** Data extracted from a collection **
-------

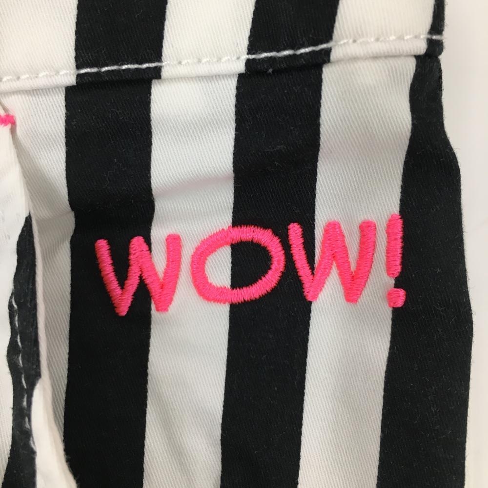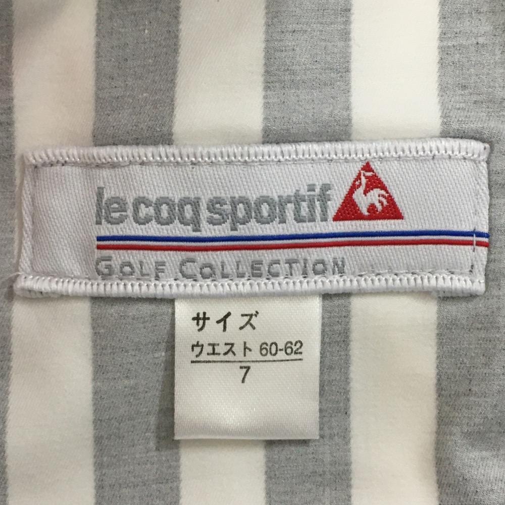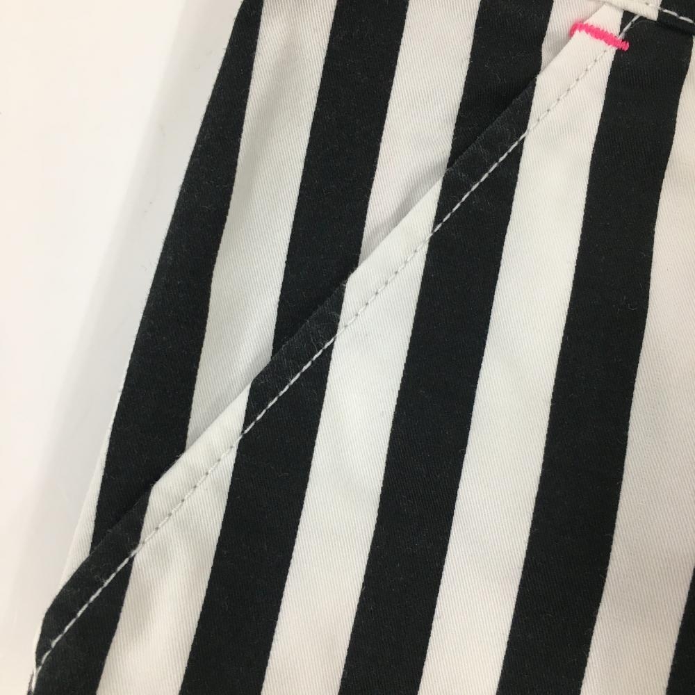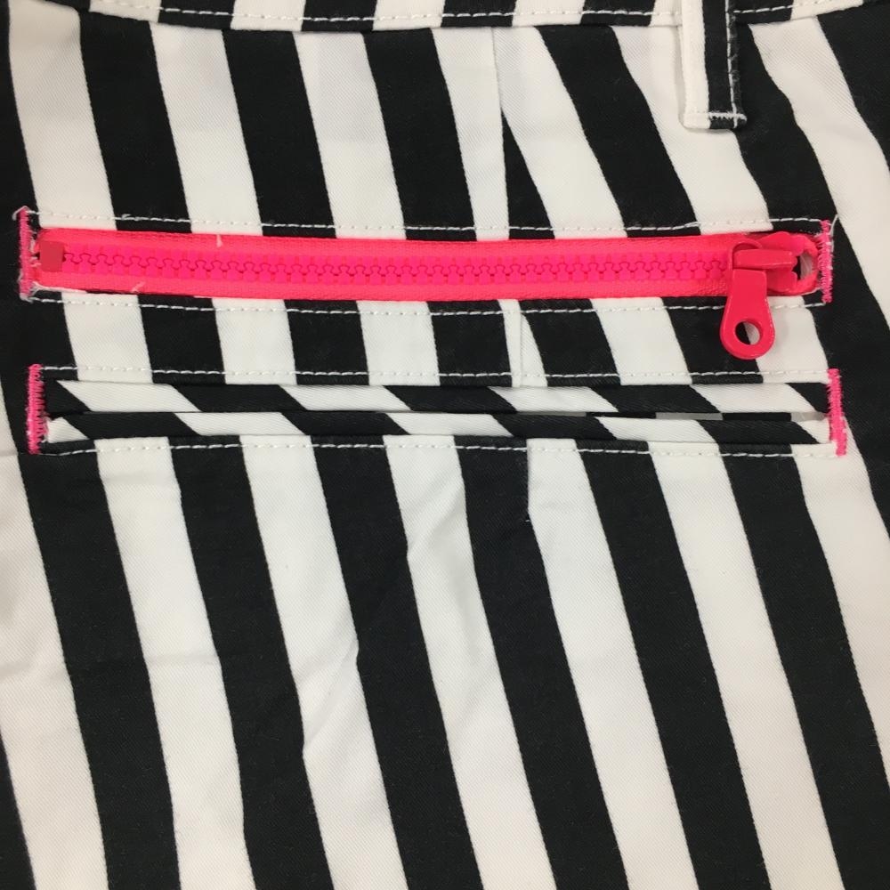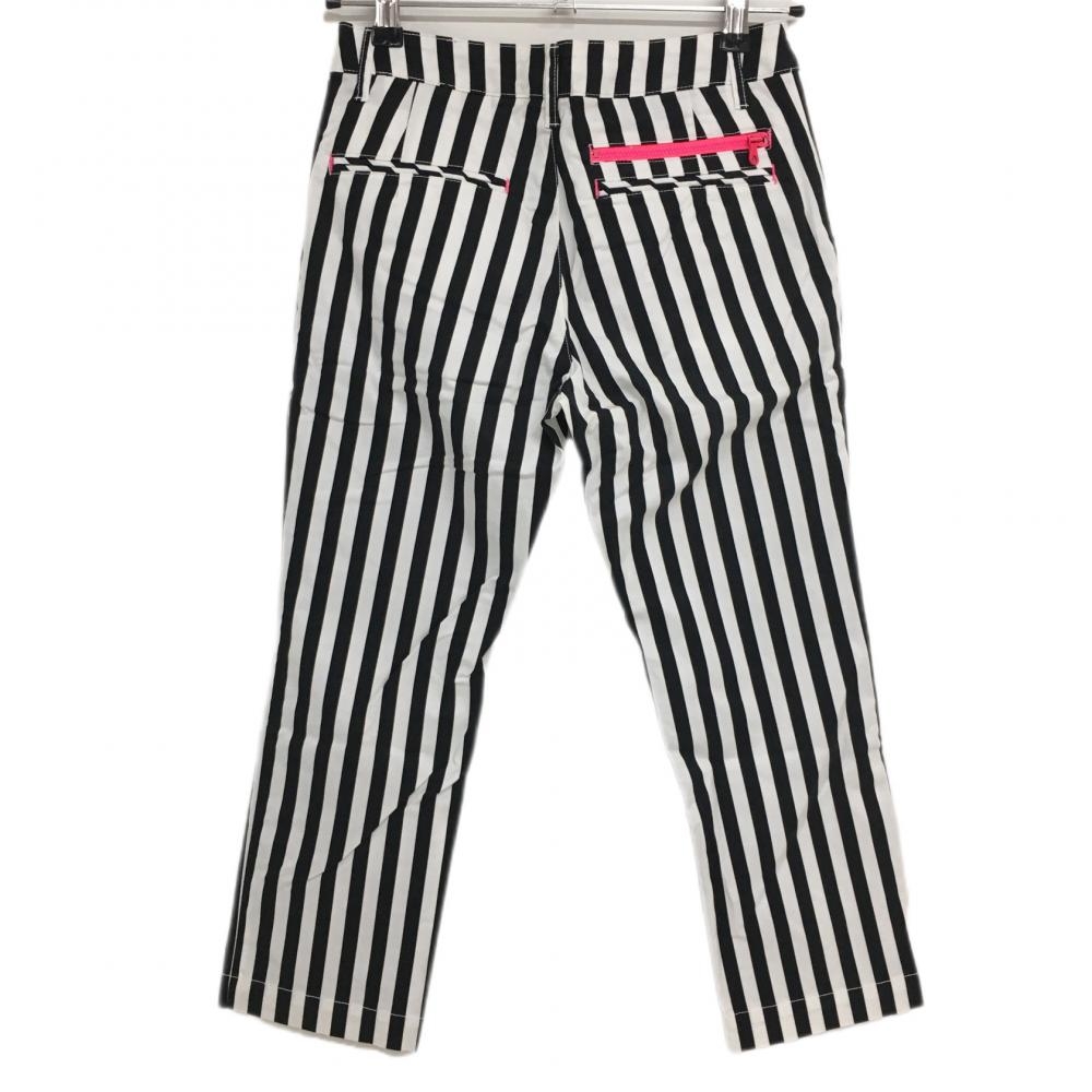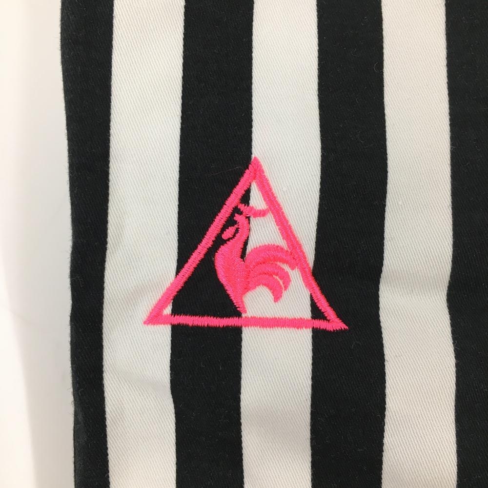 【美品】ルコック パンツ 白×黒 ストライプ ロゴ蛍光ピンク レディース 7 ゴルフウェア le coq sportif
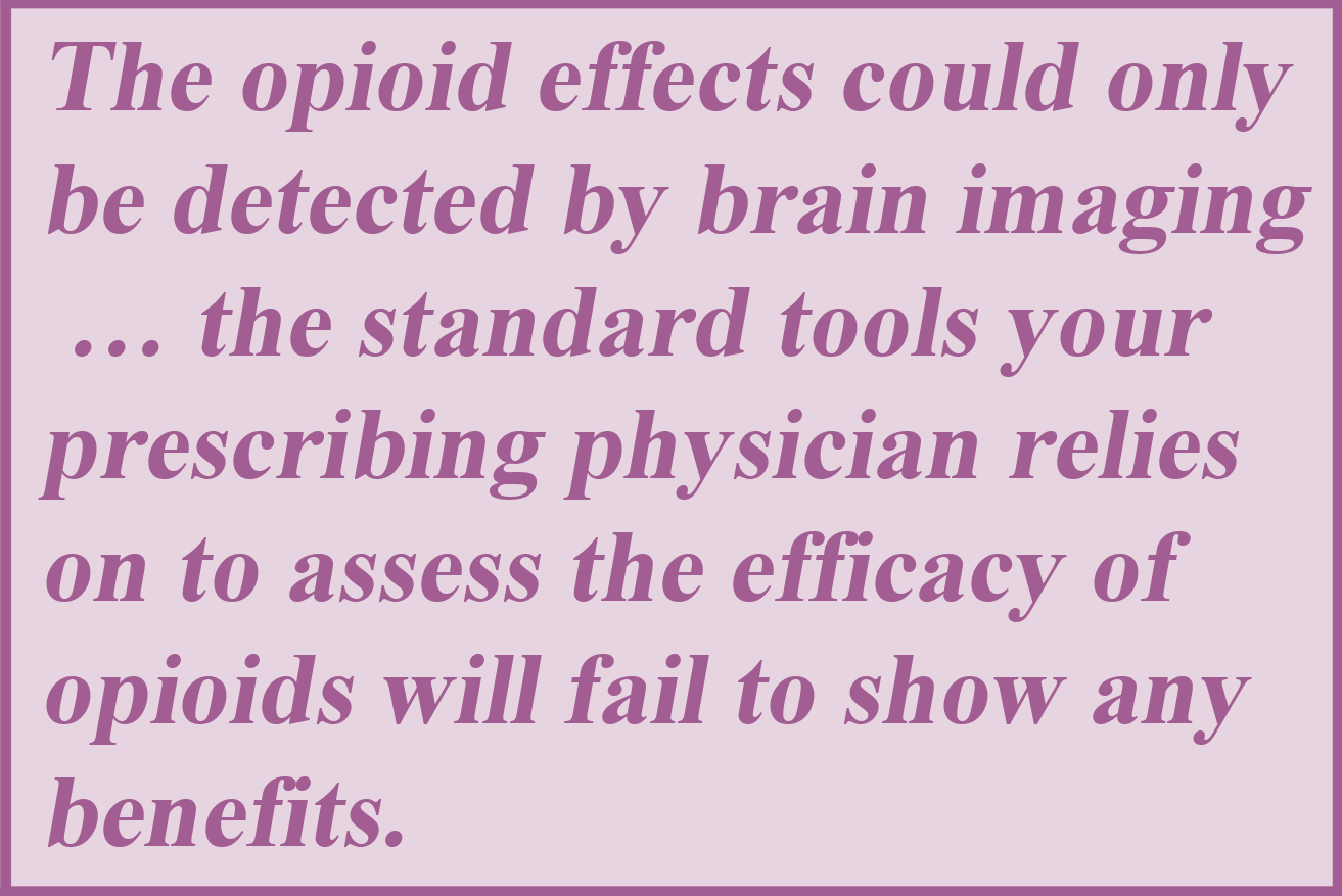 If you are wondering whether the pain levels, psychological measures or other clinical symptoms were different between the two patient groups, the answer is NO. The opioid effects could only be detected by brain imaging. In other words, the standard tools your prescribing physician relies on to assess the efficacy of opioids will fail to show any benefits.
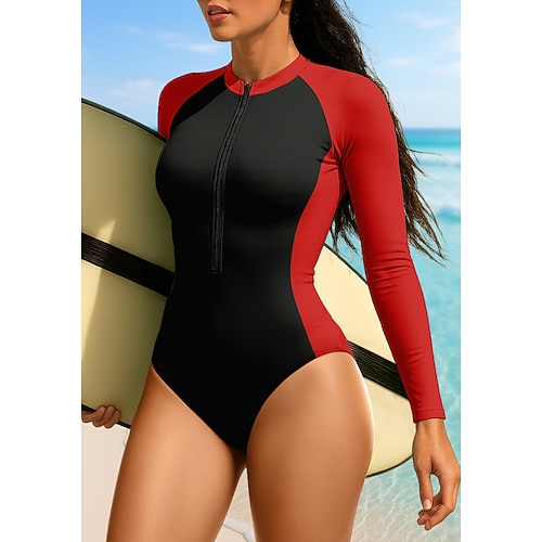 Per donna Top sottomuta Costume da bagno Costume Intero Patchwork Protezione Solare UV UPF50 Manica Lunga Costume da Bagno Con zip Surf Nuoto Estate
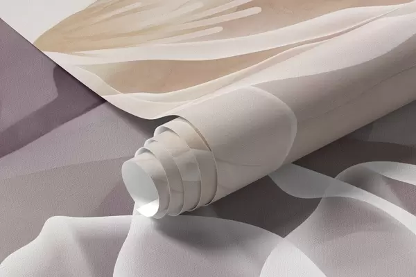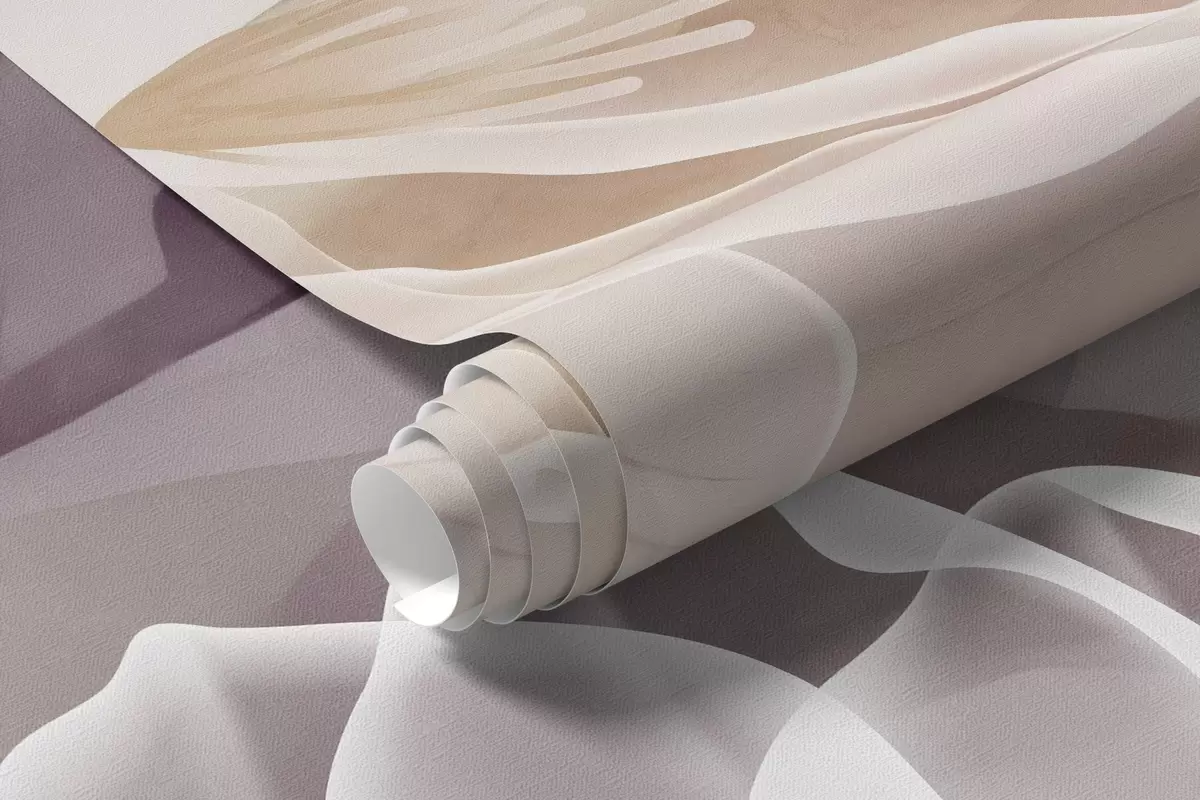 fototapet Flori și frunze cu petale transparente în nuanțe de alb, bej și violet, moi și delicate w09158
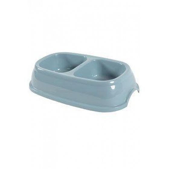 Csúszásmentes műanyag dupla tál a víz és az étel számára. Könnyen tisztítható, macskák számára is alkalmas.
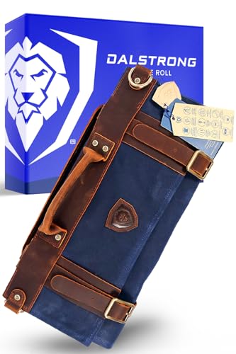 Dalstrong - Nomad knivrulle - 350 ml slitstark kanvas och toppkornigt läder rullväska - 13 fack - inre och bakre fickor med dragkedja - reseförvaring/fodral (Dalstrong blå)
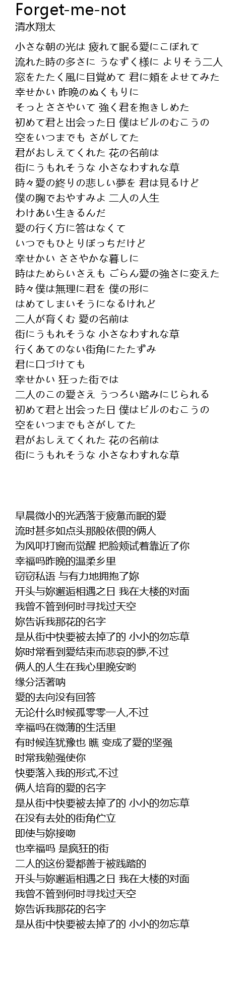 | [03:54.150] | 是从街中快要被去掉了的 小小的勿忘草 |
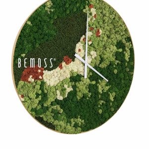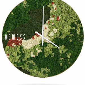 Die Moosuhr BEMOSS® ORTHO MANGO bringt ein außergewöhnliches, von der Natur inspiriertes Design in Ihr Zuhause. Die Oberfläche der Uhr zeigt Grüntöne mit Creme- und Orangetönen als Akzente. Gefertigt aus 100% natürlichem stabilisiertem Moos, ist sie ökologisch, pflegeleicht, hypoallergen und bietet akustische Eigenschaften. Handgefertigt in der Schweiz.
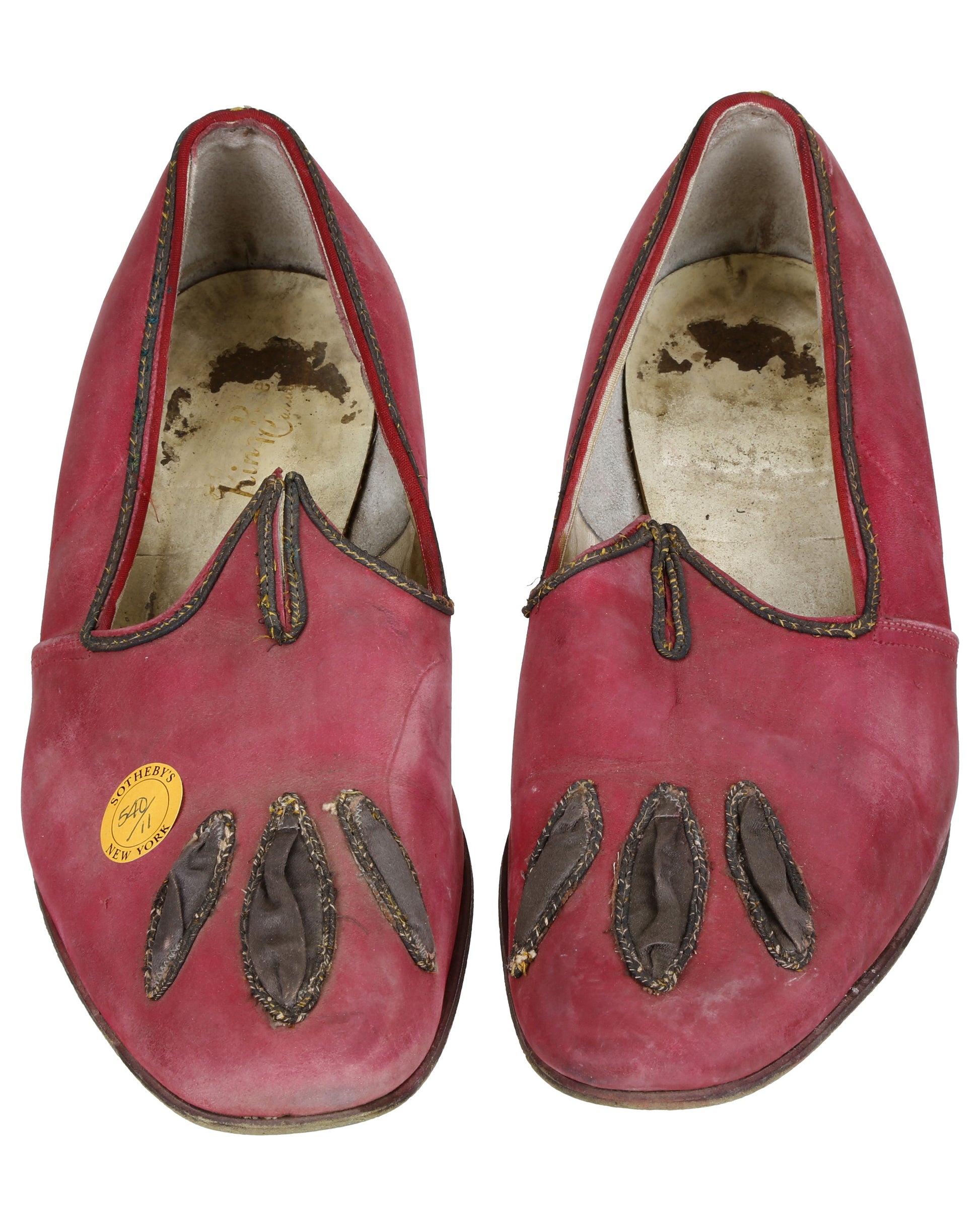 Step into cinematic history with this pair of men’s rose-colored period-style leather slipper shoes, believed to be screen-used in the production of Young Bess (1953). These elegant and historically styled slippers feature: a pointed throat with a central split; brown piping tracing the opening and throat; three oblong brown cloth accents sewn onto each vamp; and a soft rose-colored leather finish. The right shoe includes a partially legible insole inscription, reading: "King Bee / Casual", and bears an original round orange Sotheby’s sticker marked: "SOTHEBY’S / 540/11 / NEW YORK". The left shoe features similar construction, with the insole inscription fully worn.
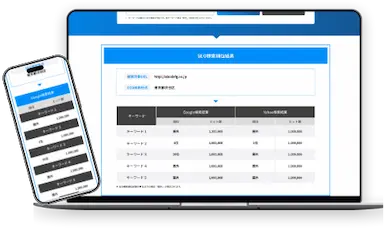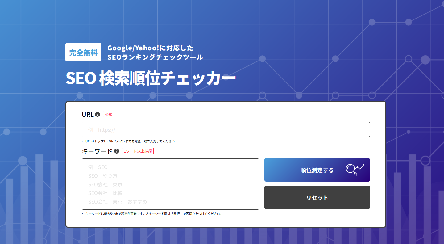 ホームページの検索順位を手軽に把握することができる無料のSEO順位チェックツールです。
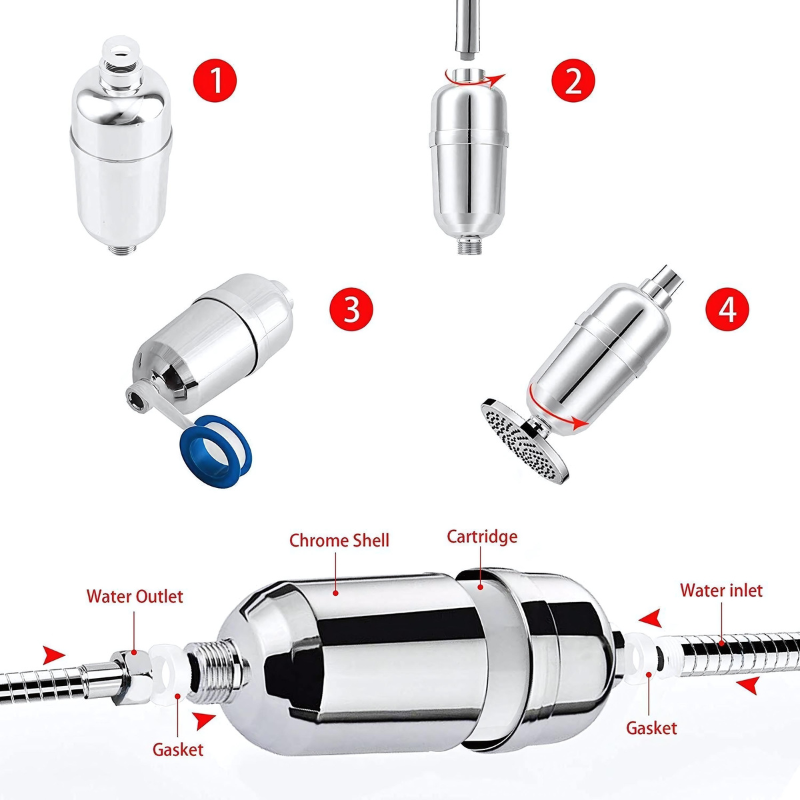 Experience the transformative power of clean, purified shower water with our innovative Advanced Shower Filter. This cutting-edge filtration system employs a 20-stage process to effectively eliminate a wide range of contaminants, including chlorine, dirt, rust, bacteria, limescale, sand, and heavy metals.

-------

** Activity **
Copy all of the data word for word, and keep the pictures out of it.

** Exercise result **
 【美品】ルコック パンツ 白×黒 ストライプ ロゴ蛍光ピンク レディース 7 ゴルフウェア le coq sportif
 If you are wondering whether the pain levels, psychological measures or other clinical symptoms were different between the two patient groups, the answer is NO. The opioid effects could only be detected by brain imaging. In other words, the standard tools your prescribing physician relies on to assess the efficacy of opioids will fail to show any benefits.
 Per donna Top sottomuta Costume da bagno Costume Intero Patchwork Protezione Solare UV UPF50 Manica Lunga Costume da Bagno Con zip Surf Nuoto Estate
 fototapet Flori și frunze cu petale transparente în nuanțe de alb, bej și violet, moi și delicate w09158
 Csúszásmentes műanyag dupla tál a víz és az étel számára. Könnyen tisztítható, macskák számára is alkalmas.
 Dalstrong - Nomad knivrulle - 350 ml slitstark kanvas och toppkornigt läder rullväska - 13 fack - inre och bakre fickor med dragkedja - reseförvaring/fodral (Dalstrong blå)
 | [03:54.150] | 是从街中快要被去掉了的 小小的勿忘草 |
 Die Moosuhr BEMOSS® ORTHO MANGO bringt ein außergewöhnliches, von der Natur inspiriertes Design in Ihr Zuhause. Die Oberfläche der Uhr zeigt Grüntöne mit Creme- und Orangetönen als Akzente. Gefertigt aus 100% natürlichem stabilisiertem Moos, ist sie ökologisch, pflegeleicht, hypoallergen und bietet akustische Eigenschaften. Handgefertigt in der Schweiz.
 Step into cinematic history with this pair of men’s rose-colored period-style leather slipper shoes, believed to be screen-used in the production of Young Bess (1953). These elegant and historically styled slippers feature: a pointed throat with a central split; brown piping tracing the opening and throat; three oblong brown cloth accents sewn onto each vamp; and a soft rose-colored leather finish. The right shoe includes a partially legible insole inscription, reading: "King Bee / Casual", and bears an original round orange Sotheby’s sticker marked: "SOTHEBY’S / 540/11 / NEW YORK". The left shoe features similar construction, with the insole inscription fully worn.
 ホームページの検索順位を手軽に把握することができる無料のSEO順位チェックツールです。
 Experience the transformative power of clean, purified shower water with our innovative Advanced Shower Filter. This cutting-edge filtration system employs a 20-stage process to effectively eliminate a wide range of contaminants, including chlorine, dirt, rust, bacteria, limescale, sand, and heavy metals.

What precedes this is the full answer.